How to authenticate with Entity Framework

Question

I have an Entity Framework model that contains the tables

apsnet_Users
aspnet_Memberships 

I want to check for the validation of username, and password in WCF library how to achieve that

Shall I add membership to the app.config, how to achieve something like that?

Best regards

Answer 1

I failed to use entity framework, and the other algorithms of authontications, so I used Membership with SQL directly , Microsaoft encrypt bu way so hard to retrieve

Answer 2

A basic (but secure) username/password database should have columns something like this:

UserName     - Text
PasswordSalt - Binary
PasswordHash - Binary

The user name can be stored as plain text.

The salt is a random string of bytes, preferably at least as long as the hash.

The password hash is the binary hash of the password + salt.

Here is the basic procedure when giving a user a new password. I will use SHA-256 hashing as an example.

1. Convert the desired password into a byte array.
2. Use a CSPRNG to generate another byte array, 32 bytes long. This is the salt.
3. Add the salt to the end of the password byte array.
4. Hash the password with SHA-256.
5. Store the salt in the database.
6. Store the password hash in the database.

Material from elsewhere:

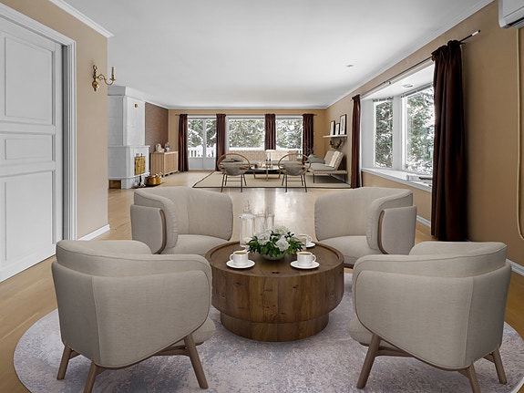 - Variert og smakfull innvendig standard: parkett, laminat og fliser på gulv - malte flater, tapet og panel på vegger
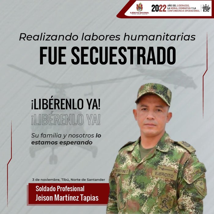 A través de un video el Eln entregó pruebas de supervivencia del soldado profesional Jeison Martínez Tapias quien fue secuestrado en Tibú, en momentos que realizaba labores de ingeniería en la vía Tibú- La Gabarra en la zona del Catatumbo.

Then when a user enters their password when logging in, this is the procedure.

1. Look up the user in the database.
2. Convert the entered password into a byte array.
3. Add the salt from the database to the end of the password byte array.
4. Hash the password with SHA-256.
5. If the hash matches the hash in the database, the password was correct.

This method of password authentication is the preferred method for high-security applications. It is not slow, nor very hard to implement. The best thing is, you can give the entire password table to anyone you please, and the most they will be able to do is pick a user and start guessing passwords.